O Irã conta com isso, e com razão – especialmente tendo em vista a decisão da União Europeia de enviar o diplomata Enrique Mora à cerimônia de posse de Raisi. E uma vez que Raisi anunciou que “certamente negociará para suspender as sanções”, a presença de Mora, mesmo tendo sido relegado a um banco de trás da cerimônia de posse, significa que a UE está tão ansiosa para voltar ao Acordo Nuclear como os Estados Unidos. E ataques letais de drones a navios comerciais para a UE são questões menores.
A imagem do representante europeu sentado atrás do Hamas e da Hezbollah mostra que a liderança iraniana quer reforçar a ilusão americana de que só um acordo que irá suspender as sanções poderá trazer o Irã para a mesa de negociações e a ilusão de que os aiatolás continuam firmes e fortes dentro de casa.
No dia 26 de julho, o Comandante da Guarda Revolucionária iraniana, Hossein Salami declarou que “todo o mundo muçulmano se tornou uma arena de jihad e os arrogantes [americanos] estão fugindo”. Ele disse que “o Líbano e a Hezbollah agora estão fortes e capazes contra os sionistas, e toda vez que o inimigo se mover, a Hezbollah o cortará pela raiz”. Salami continuou dizendo que os inimigos “devem saber que a nação iraniana não desistirá do Islã e da revolução por causa de cortes de energia ou falta de água … O povo do Irã tem mostrado nestes dias que é leal aos ideais do Islã e dos da revolução”.

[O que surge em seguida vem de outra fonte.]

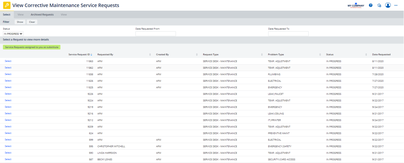 Use the Maintenance / Corrective Maintenance / Client / View Maintenance Service Requests task to check work requests that you have reported, as well as view any active or archived corrective maintenance request. You can use the filter to enter search parameters.
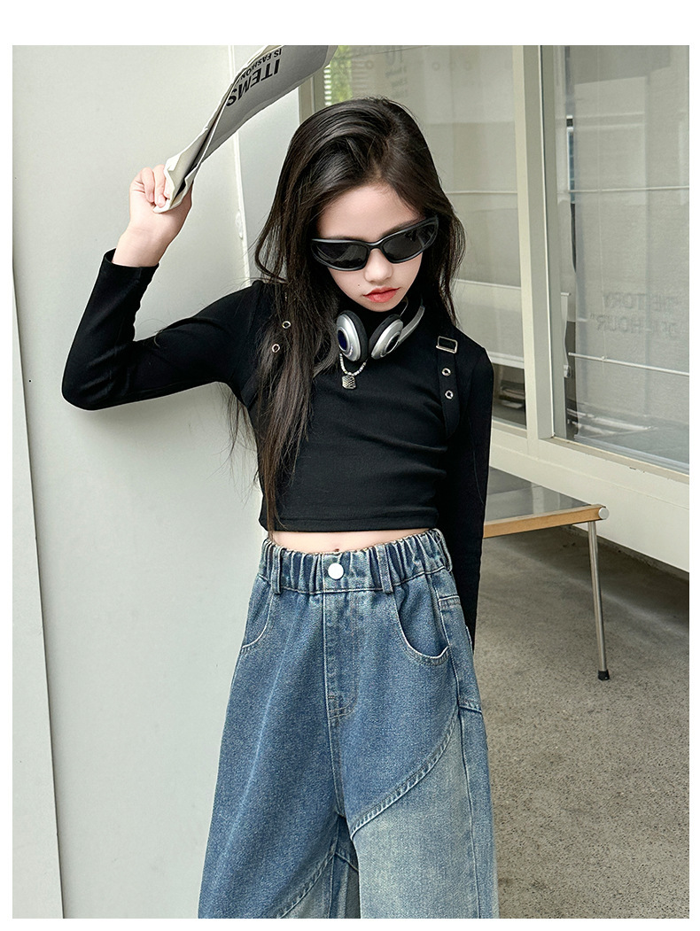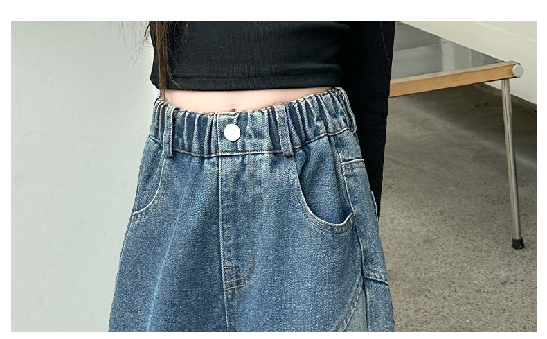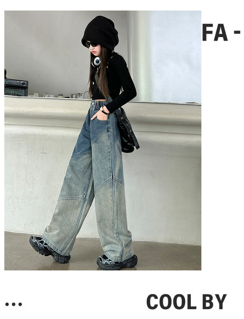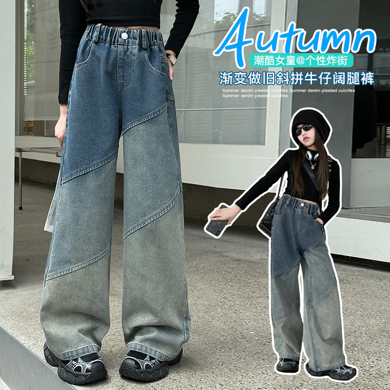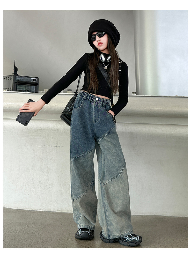 소녀의 봄과 가을 새로운 청바지 2024 모든 경기 서양 스타일 폐기물 지구 스타일 느슨한 슬리밍 스트레이트 바지 어린이 캐주얼 바지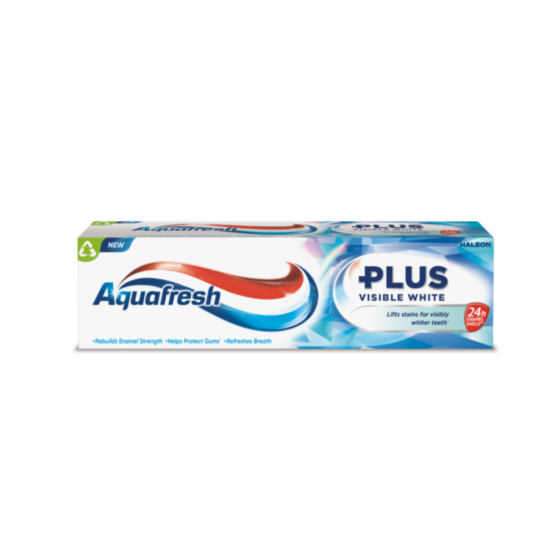 АКВАФРЕШ ПАСТА ЗА ЗЪБИ PLUS VISIBLE WHITE 75МЛ - нов продукт от линията продукти за устна хигиена Aquafresh. Помага за предотвратяване на кариес, поддържа венците здрави и укрепва зъбния емайл. Нежно премахва плаката и оставя усещане за свеж дъх за дълго време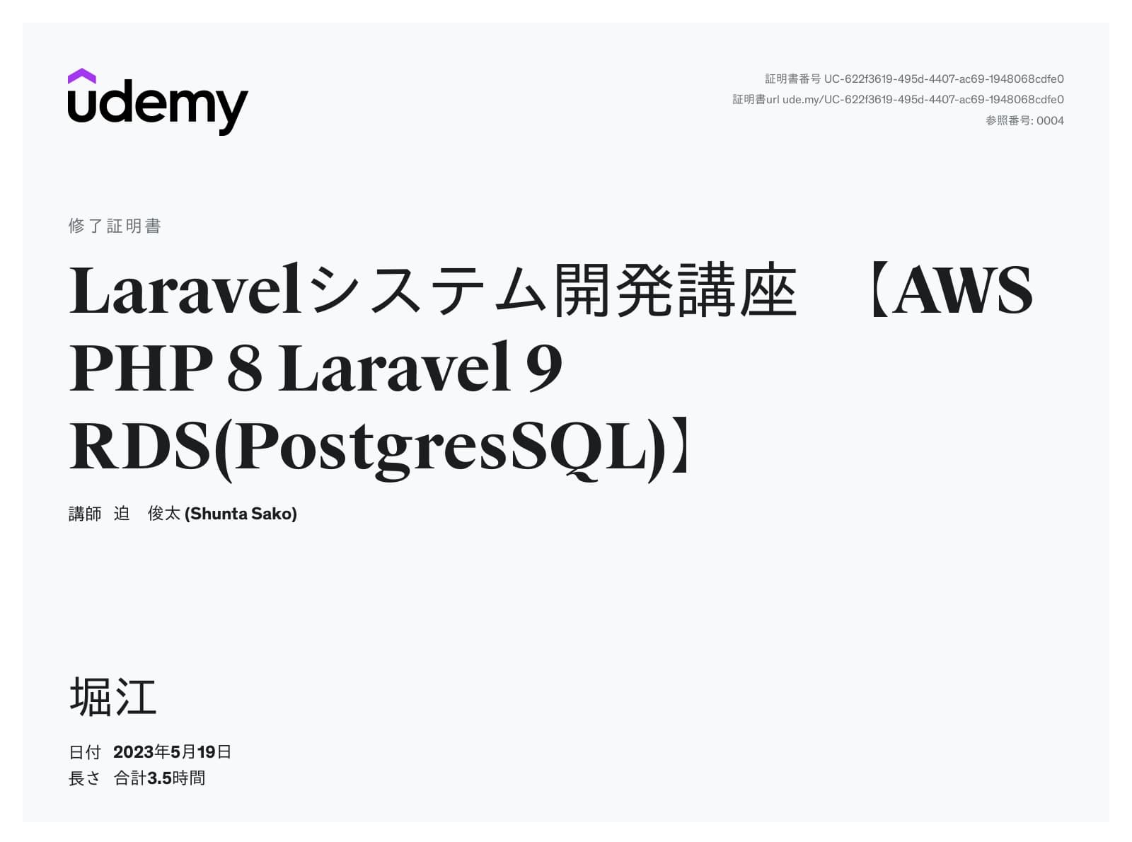 【Udemy】Laravelシステム開発講座 【AWS PHP 8 Laravel 9 RDS(PostgresSQL)】完了しました!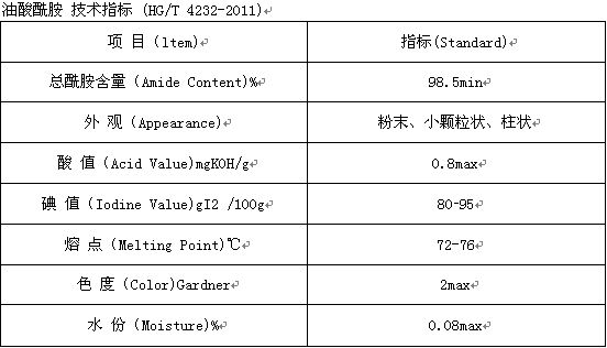 油酸酰胺,采用高品质植物油酸为原料,通过合成与提纯等精细工序制得本品,不溶于水,在醇、酯、酮、苯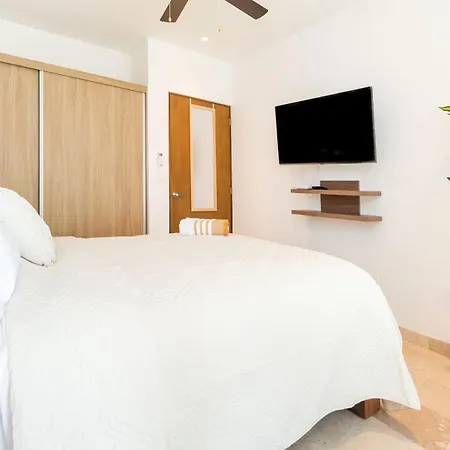 Some of the top landmarks to visit in Playa del Carmen include Los Fundadores Park and the Scenic Point Esmeralda White-Sand Beach, which are situated 2.1 and 2.2 km from the holiday home respectively. Additionally, Coco Bongo (1.2 km) is also recommended for a visit.

Salami parecia não entender que as imagens das pessoas protestando contra o regime corrupto e repressivo conseguiram chegar ao Twitter e mostrar a discrepância entre suas palavras e o que se passava na rua de baixo. Mesmo assim ele disse algo que acredita ser verdade: que “hoje, o Irã está ditando os termos sobre os quais uma superpotência como a América retornará ao acordo nuclear, e isso indica a autoridade exercida pelo Irã islâmico”.
Biden e seus companheiros europeus não devem provar que esta corja está correta. Chegou a hora de tirar proveito das rachaduras na armadura deste regime.
Mas se conhecemos Biden, isso não vai acontecer num futuro próximo. E neste caso, Israel terá que agir sozinha. Esperemos que o primeiro-ministro Naftali Bennett e seu novo governo estejam à altura da tarefa e que a oposição se una a ele nesta empreitada.